### What is needed
The required result is an exact copy of every line from the one with "Begane grond: riante" through the last line below, with the pictures left out.

### Source data
════════════════════

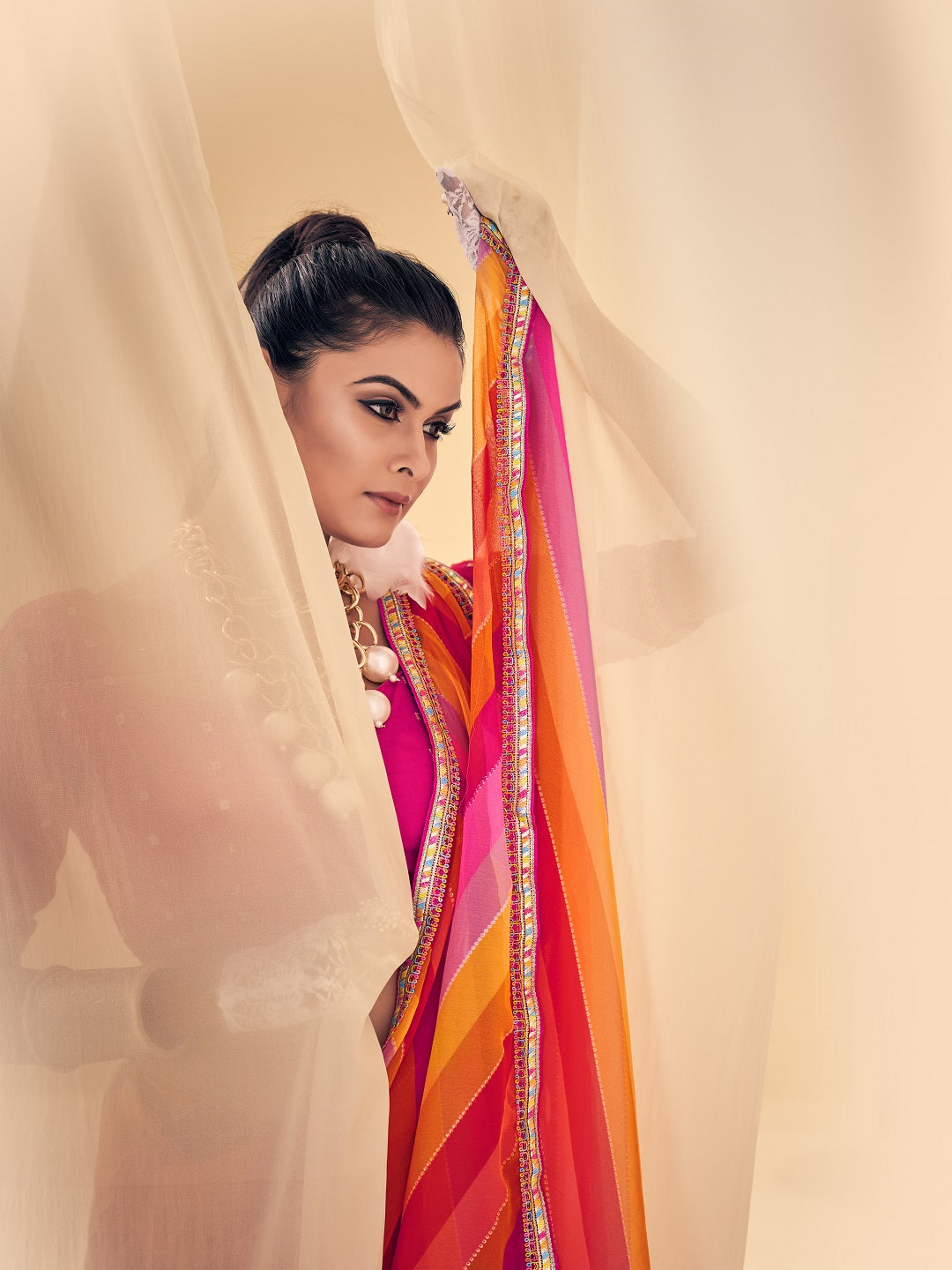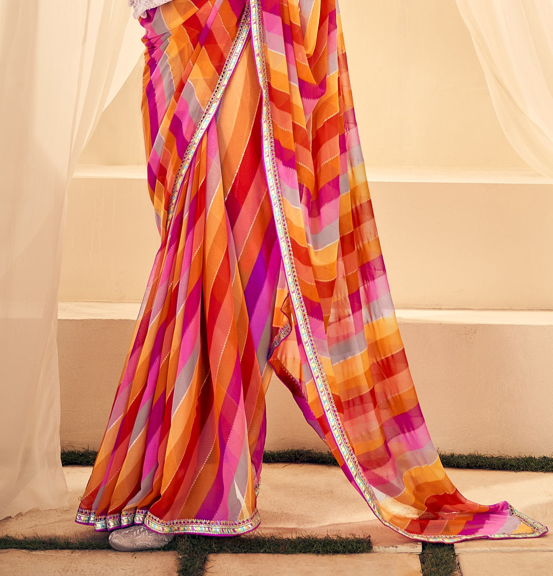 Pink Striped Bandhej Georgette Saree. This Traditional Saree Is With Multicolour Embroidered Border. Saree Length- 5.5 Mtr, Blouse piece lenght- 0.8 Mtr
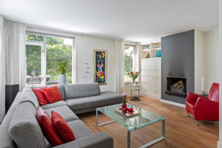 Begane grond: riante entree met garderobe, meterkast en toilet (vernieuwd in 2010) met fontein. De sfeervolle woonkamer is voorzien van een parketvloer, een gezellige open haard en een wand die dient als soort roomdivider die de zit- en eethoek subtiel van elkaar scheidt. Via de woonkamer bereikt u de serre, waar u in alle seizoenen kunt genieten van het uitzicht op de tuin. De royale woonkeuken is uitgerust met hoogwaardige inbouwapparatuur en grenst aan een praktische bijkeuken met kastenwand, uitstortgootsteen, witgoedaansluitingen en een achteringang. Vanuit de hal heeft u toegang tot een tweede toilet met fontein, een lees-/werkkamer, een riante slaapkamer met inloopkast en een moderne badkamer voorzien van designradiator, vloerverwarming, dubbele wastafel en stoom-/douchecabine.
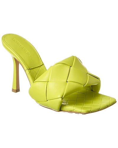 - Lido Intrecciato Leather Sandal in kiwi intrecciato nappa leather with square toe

════════════════════

### Problem solution
 Begane grond: riante entree met garderobe, meterkast en toilet (vernieuwd in 2010) met fontein. De sfeervolle woonkamer is voorzien van een parketvloer, een gezellige open haard en een wand die dient als soort roomdivider die de zit- en eethoek subtiel van elkaar scheidt. Via de woonkamer bereikt u de serre, waar u in alle seizoenen kunt genieten van het uitzicht op de tuin. De royale woonkeuken is uitgerust met hoogwaardige inbouwapparatuur en grenst aan een praktische bijkeuken met kastenwand, uitstortgootsteen, witgoedaansluitingen en een achteringang. Vanuit de hal heeft u toegang tot een tweede toilet met fontein, een lees-/werkkamer, een riante slaapkamer met inloopkast en een moderne badkamer voorzien van designradiator, vloerverwarming, dubbele wastafel en stoom-/douchecabine.
 - Lido Intrecciato Leather Sandal in kiwi intrecciato nappa leather with square toe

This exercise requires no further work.